Korhonen, et al. Expires November 25, 2010 [Page 4]
Internet-Draft LMA Redirect Support for PMIPv6 May 2010
2. Requirements and Terminology
2.1. Requirements
The key words "MUST", "MUST NOT", "REQUIRED", "SHALL", "SHALL NOT",
"SHOULD", "SHOULD NOT", "RECOMMENDED", "MAY", and "OPTIONAL" in this
document are to be interpreted as described in [RFC2119].
2.2. Terminology
In addition to the terminology defined in [RFC5213], the following
terminology is also used:
rfLMA
The LMA which receives the PBU from a MAG and decides to redirect
the IP mobility session to the target LMA (r2LMA).
r2LMA
The LMA to which a MAG was redirected to.
Redirection Domain
A group of LMAs that consist of at least one rfLMA and one or more
r2LMAs. A rfLMA is allowed to redirect mobility sessions only to
r2LMAs that belong to the same redirection domain.
Korhonen, et al. Expires November 25, 2010 [Page 5]
Internet-Draft LMA Redirect Support for PMIPv6 May 2010
3. Proxy Mobile IPv6 Domain Assumptions
The redirection functionality has several assumptions on the PMIPv6
domain. They are discussed here as they have impact on PMIPv6
deployment.
Each functional LMA, whether that is a separate LMA in a cluster or
an individual blade in a chassis, participating to the redirection
MUST be reachable at an unicast IP address. The rfLMA and the r2LMA
MUST have a prior agreement and an established trust relationship to
perform the redirection. In this case, the rfLMA and the r2LMA are
said to belong to the same 'redirection domain'.

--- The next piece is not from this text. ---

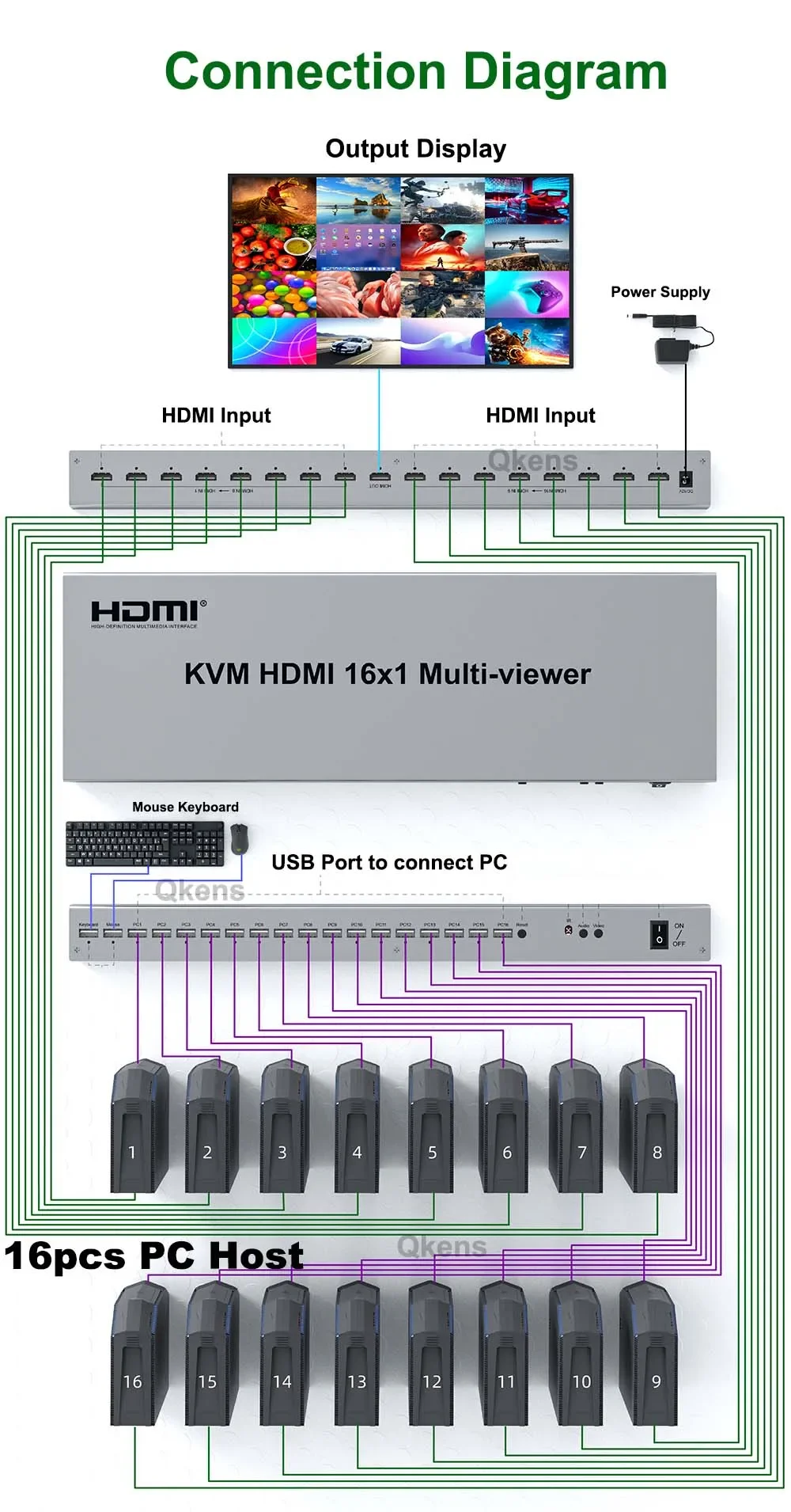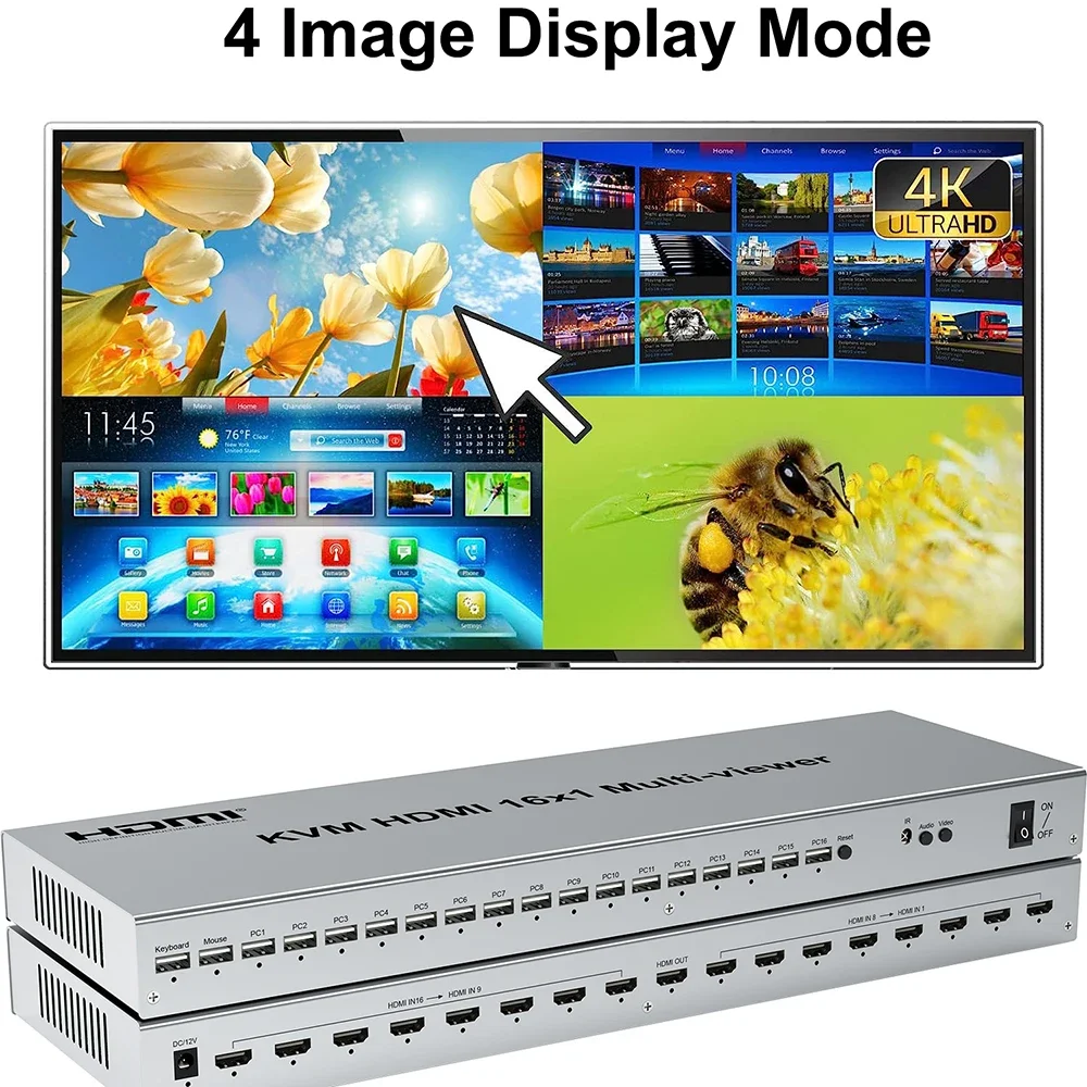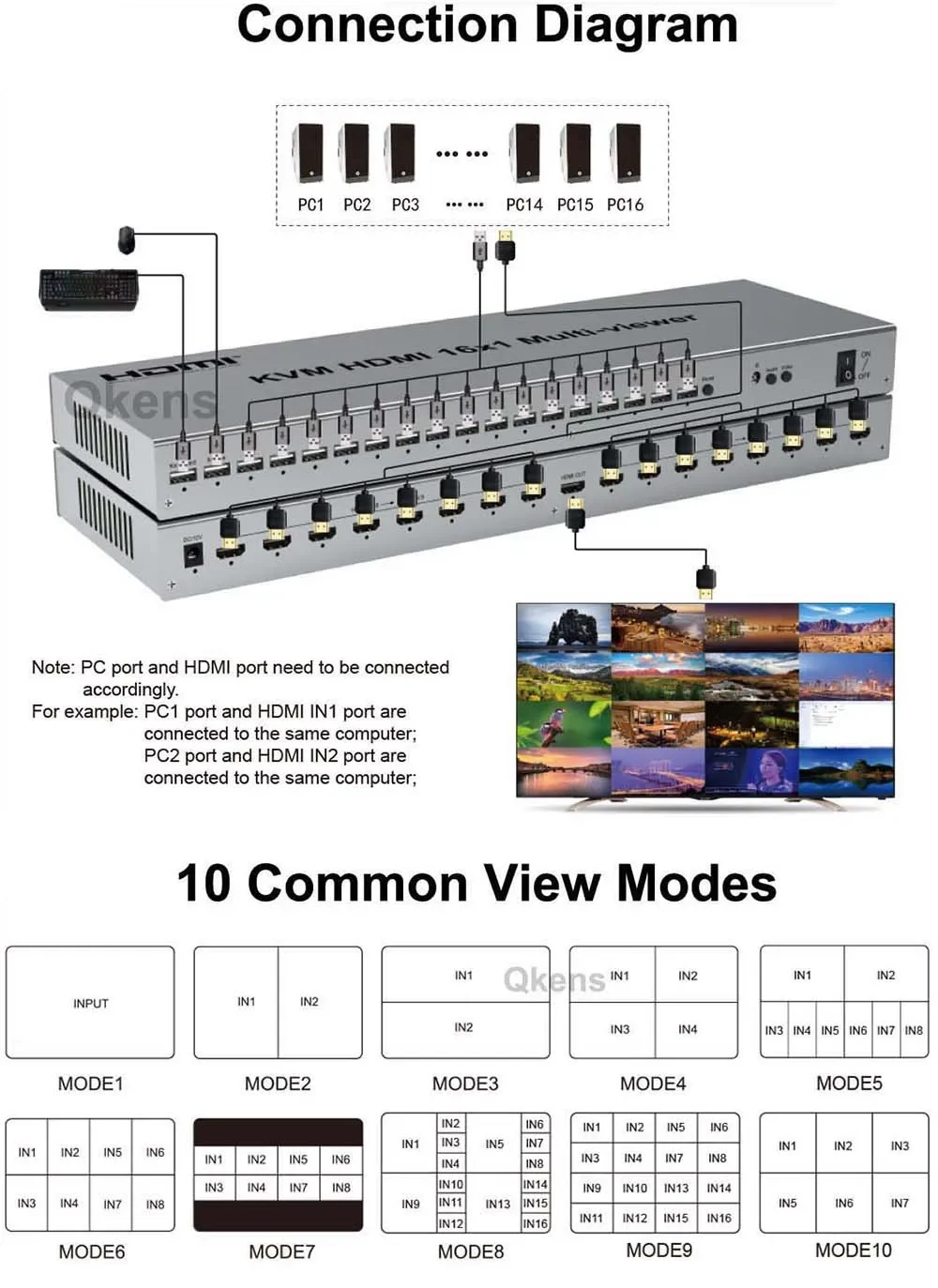 Contenido del paquete: 1080P KVM 16x1 HDMI Multiviewer x1PCS Adaptador de corriente DC12V x1PCS Un cable de extensión USB tipo x16PCS Control remoto sin batería x1PCS Guía del usuario x1PCS

The rfLMA MUST NOT redirect the mobility session to a r2LMA that is
not able to accept the redirected mobility session. That is, the
redirection functionality is not enabled in the r2LMA, or the r2LMA
does not belong to the same redirection domain as the rfLMA, or the
r2LMA is down or otherwise unreachable. How the rfLMA learns and
knows of other r2LMAs in the redirection domain, is not covered by
this specification.
Each LMA and MAG participating to the redirection is assumed to have
required Security Associations (SA) already set up in advance.
Dynamic negotiation of the SAs using e.g., IKEv2 [RFC4306] SHOULD be
supported but is out of scope of this specification.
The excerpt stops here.